The word hyperecho can also be rendered as “to be above, to stand out.” That does not make the other person automatically right, or superior in his abilities. If someone is teaching piano lessons, a humble teacher does not need to pretend that the student is a better piano player than she is. That would be absurd. But humility still requires something of her.

Remember that the one we are imitating in this is the Lord Jesus—when He became a man, He did so because He believed we were “better” (in this sense) than He was. This obviously has to means the sense of “more important, more valued.” Jesus did not die for us because we were better than He was in some moral sense, or with regard to our abilities. He died for us because He loved us more than He loved His own life. So the issue is humility and love, and nothing in this requires us to embrace absurdities.

Bearing Burdens

Now our task is to learn how to bear our own burden (providing for our own family, meeting our own responsibilities) at the same time we are careful to bear one another’s burdens (holding to a true fellowship of goods). The early Christians kept their own property (Acts 5:4) and they held all things in common (Acts 4:32-33). Here are a few basic principles as we pursue the mind of Christ, as we long for “great grace to be upon us all.”

Make sure you deal first with desire and envy, which run down the middle of every human heart. Deal with all the big problems there first. And don’t think that thirty seconds reflection or mere intellectual assent is going to do the trick. Mortify envy. Learn to hate it like nothing else.

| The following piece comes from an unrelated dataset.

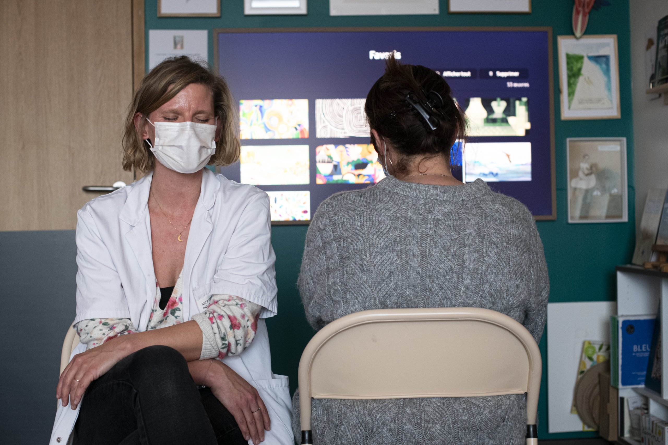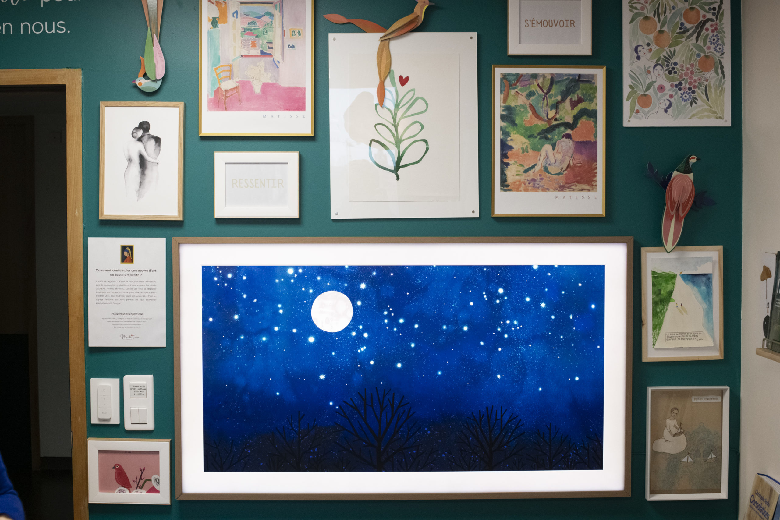 Capsule d’Art soutient ce projet en tant que mécène avant de le porter plus loin en tant que Fonds opérateur. C’est en effet grâce à la détermination de Monika Forro, art-thérapeute en soins palliatifs (entre autres) depuis de nombreuses années et à l’accueil enthousiaste du projet par le service du Groupe Hospitalier Loos Haubourdin dans le Nord, que ce projet a émergé en 2022. Convaincue des bienfaits de l’art sur la santé psychique des patients qu’elle rencontre mais aussi auprès des familles endeuillées et des soignants, Monika Forro a eu l’idée de dédier une salle de l’Unité de Soins Palliatifs à la rencontre avec l’art. Jusqu’à présent, elle rencontrait les patients principalement dans leur chambre ou dans une salle qui pouvait également faire office de. Monika Forro utilisait déjà la projection d’œuvre d’art, la musique ou la pratique artistique en fonction des besoins du patient.

Secondly, learn how justice fits into grace. Don’t go the other way, trying to fit grace into justice. Grace corrodes when stored in justice. Justices thrives and grows strong in the context of grace. It is better to be taken to the cleaners because you loaned money, expecting nothing back (Luke 6:35) than to have an evil eye, tight fist, and wary heart (Mk. 7:22).

Third, work hard and intelligently, expecting your work to not only provide for your family, but also to be a blessing to any brother who is “competing” for the same customers you are. That’s impossible, you say. Tell it to God, who traffics in impossibilities. Zero-sum thinking is the logic of unbelief—where more for you means less for me. That is not the world in which the kingdom grows.

Living in a Cut-Throat World

Keeping ourselves free from strife and vainglory seems like an overwhelming task sometimes. What are to do about the outside world, which does not appear to be functioning with this calculus at all? What grasping and ravenous entities are out there? Besides Microsoft, the U.S. Government, assorted televangelists, the Republicrats, the United Nations, the Southern Poverty Law Center, and more? What should we do about all that? First, we must not envy them (Prov. 3:29-32; 23:17-18). Second, we must not imitate them or their ways (Matt. 20:25-26). And third, we should live in our communities such that we demonstrate for them a more excellent way (1 Cor. 12:31). As we do this, we are encouraging one another in that same “more excellent way.” That way is the mind of Christ.